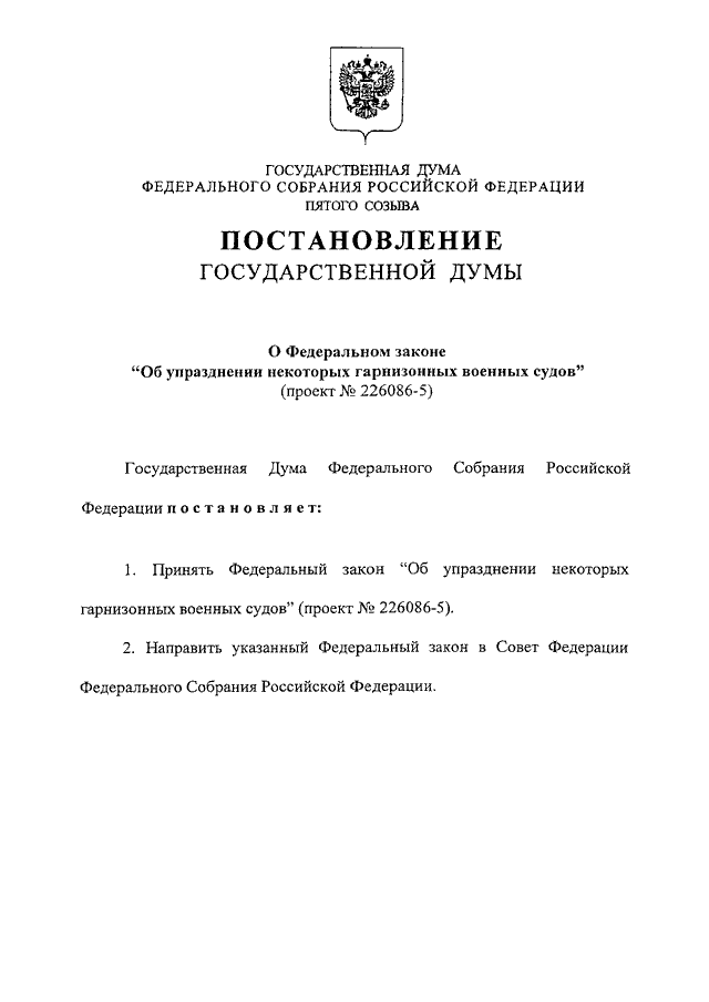 "О ФЕДЕРАЛЬНОМ ЗАКОНЕ "ОБ УПРАЗДНЕНИИ НЕКОТОРЫХ ГАРНИЗОННЫХ ВОЕННЫХ СУДОВ" (ПРОЕКТ N 226086-5)"
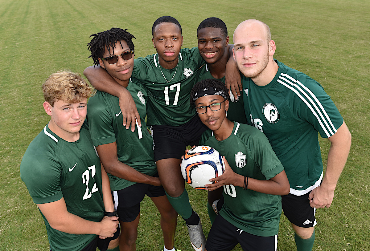 Shown, from left, are Samuel Dunlap of Lakemont, David Woods of Miami, Babatomiwa Sofela of Nigeria, Mohammad Kanu of Decatur and Daniel Kasas of Serbia. Front, Maik Murenzi of Rwanda. These six seniors completed their high school soccer careers with a 4-2 rout of Brandon Hall on Senior Day. (photo/TFS)
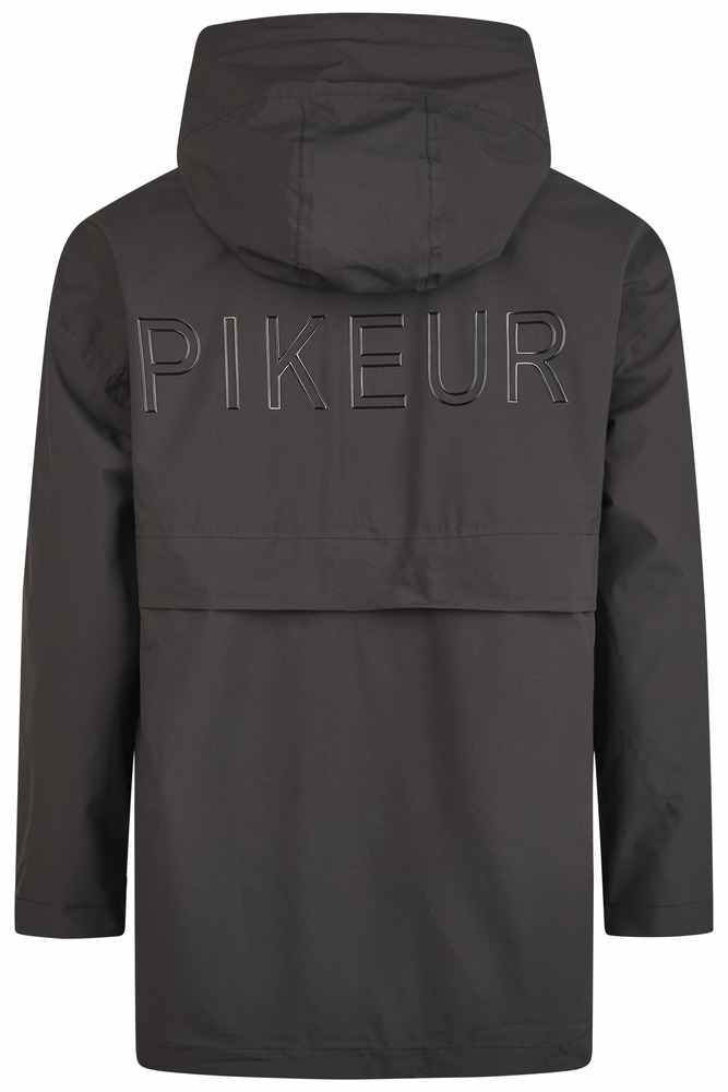 Grote glanzende Pikeur Athleisure-print op het rugpand en een klein siliconenprintje op de borst. Kleine zijslits met drie drukkers. De capuchon is verstelbaar met koord en stopper.
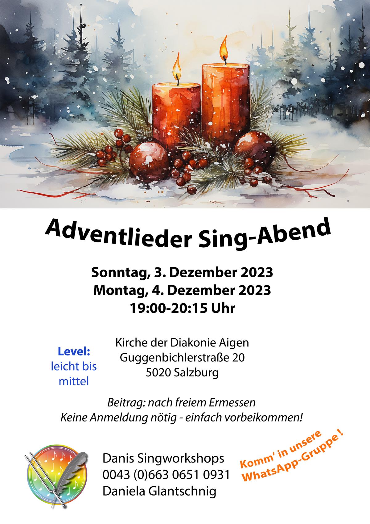 Schaut bei Interesse einfach vorbei, es ist keine Voranmeldung nötig. Ich sammle keine Namen ein und versende auch keine Newsletter. Das Singen ist wirklich völlig frei besuchbar. Wer mag, wird gern in die WhatsApp-Gruppe (+43 (0)663 0651 0931) aufgenommen, kann dort Liedwünsche äußern und erhält zeitnah die nächsten Termine. Außerdem werden ausgewählte Lieder aufgenommen und die Audios nach dem Singen in die Gruppe gestellt.
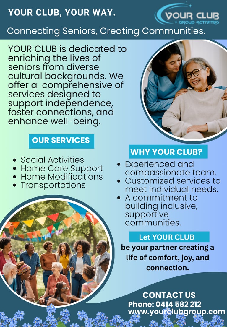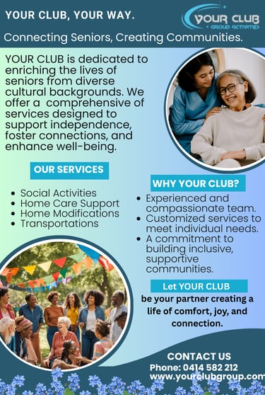 At YOUR CLUB Care Management, we aim to provide compassionate, personalised, and high-quality home care services that empower seniors to live independently and with dignity. We are dedicated to fostering connections across diverse cultural backgrounds and creating a supportive environment where everyone feels valued and respected. Through our commitment to excellence, we strive to enhance the well-being and quality of life for those we serve, ensuring comfort, safety, and peace of mind in the home they cherish.
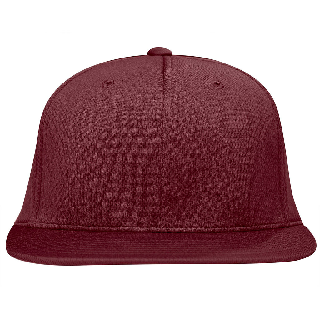 Turn heads with a custom embroidery Pacific Headwear Maroon Premium P-Tec FlexFit Cap made of performance fabric and completed with a pro-stitched finish. The base color is made bolder with contrast colored eyelets and flat visor. Add a company logo to use as part of employee apparel to get your employees noticed or give them as custom gifts to loyal customers. The graphite undervisor with shapeable visor conforms to what you want and moisture wicking makes it comfortable for all day wear, even in warmer environments. A closed back means this is a one size fits most design.Highlights
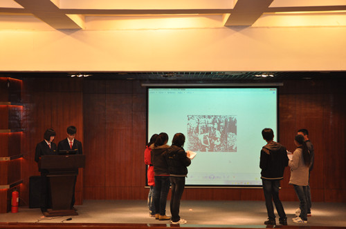 随后,比赛正式开始。第一环节是知识竞赛,在此环节中,参赛选手集体上场,以亮牌形式进行淘汰赛,选手们沉着冷静的应对比赛。接下来第二环节的复活赛,为第一轮淘汰的选手提供了又一个机会,选手们全力以赴,现场气氛活跃。第三环节的革命歌曲接力中,《红星闪闪》、《映山红》、《龙的传人》、《南泥湾》等一首首经典革命歌曲,不仅考验了同学们对革命歌曲的记忆能力,而且唤起了大家的革命情怀,引起了大家情感的共鸣,将比赛推向高潮。最后的图片识别环节,共有5幅图片,涉及日本侵华战争、东京审判等历史事件,同学们写出了其发生的时间、涉及人物等,加深了对历史的认知。此外,一个轻松有趣的游戏“踩报纸”缓解了比赛的紧张气氛,也让现场更多的同学参与到活动中来。

- Instructions to follow:
Print, exactly as written, the lines from the one containing "Schaut bei Interesse" to the end of the material, both ends included, and nothing else; no pictures.

- Your response:
 Schaut bei Interesse einfach vorbei, es ist keine Voranmeldung nötig. Ich sammle keine Namen ein und versende auch keine Newsletter. Das Singen ist wirklich völlig frei besuchbar. Wer mag, wird gern in die WhatsApp-Gruppe (+43 (0)663 0651 0931) aufgenommen, kann dort Liedwünsche äußern und erhält zeitnah die nächsten Termine. Außerdem werden ausgewählte Lieder aufgenommen und die Audios nach dem Singen in die Gruppe gestellt.
 At YOUR CLUB Care Management, we aim to provide compassionate, personalised, and high-quality home care services that empower seniors to live independently and with dignity. We are dedicated to fostering connections across diverse cultural backgrounds and creating a supportive environment where everyone feels valued and respected. Through our commitment to excellence, we strive to enhance the well-being and quality of life for those we serve, ensuring comfort, safety, and peace of mind in the home they cherish.
 Turn heads with a custom embroidery Pacific Headwear Maroon Premium P-Tec FlexFit Cap made of performance fabric and completed with a pro-stitched finish. The base color is made bolder with contrast colored eyelets and flat visor. Add a company logo to use as part of employee apparel to get your employees noticed or give them as custom gifts to loyal customers. The graphite undervisor with shapeable visor conforms to what you want and moisture wicking makes it comfortable for all day wear, even in warmer environments. A closed back means this is a one size fits most design.Highlights
 随后,比赛正式开始。第一环节是知识竞赛,在此环节中,参赛选手集体上场,以亮牌形式进行淘汰赛,选手们沉着冷静的应对比赛。接下来第二环节的复活赛,为第一轮淘汰的选手提供了又一个机会,选手们全力以赴,现场气氛活跃。第三环节的革命歌曲接力中,《红星闪闪》、《映山红》、《龙的传人》、《南泥湾》等一首首经典革命歌曲,不仅考验了同学们对革命歌曲的记忆能力,而且唤起了大家的革命情怀,引起了大家情感的共鸣,将比赛推向高潮。最后的图片识别环节,共有5幅图片,涉及日本侵华战争、东京审判等历史事件,同学们写出了其发生的时间、涉及人物等,加深了对历史的认知。此外,一个轻松有趣的游戏“踩报纸”缓解了比赛的紧张气氛,也让现场更多的同学参与到活动中来。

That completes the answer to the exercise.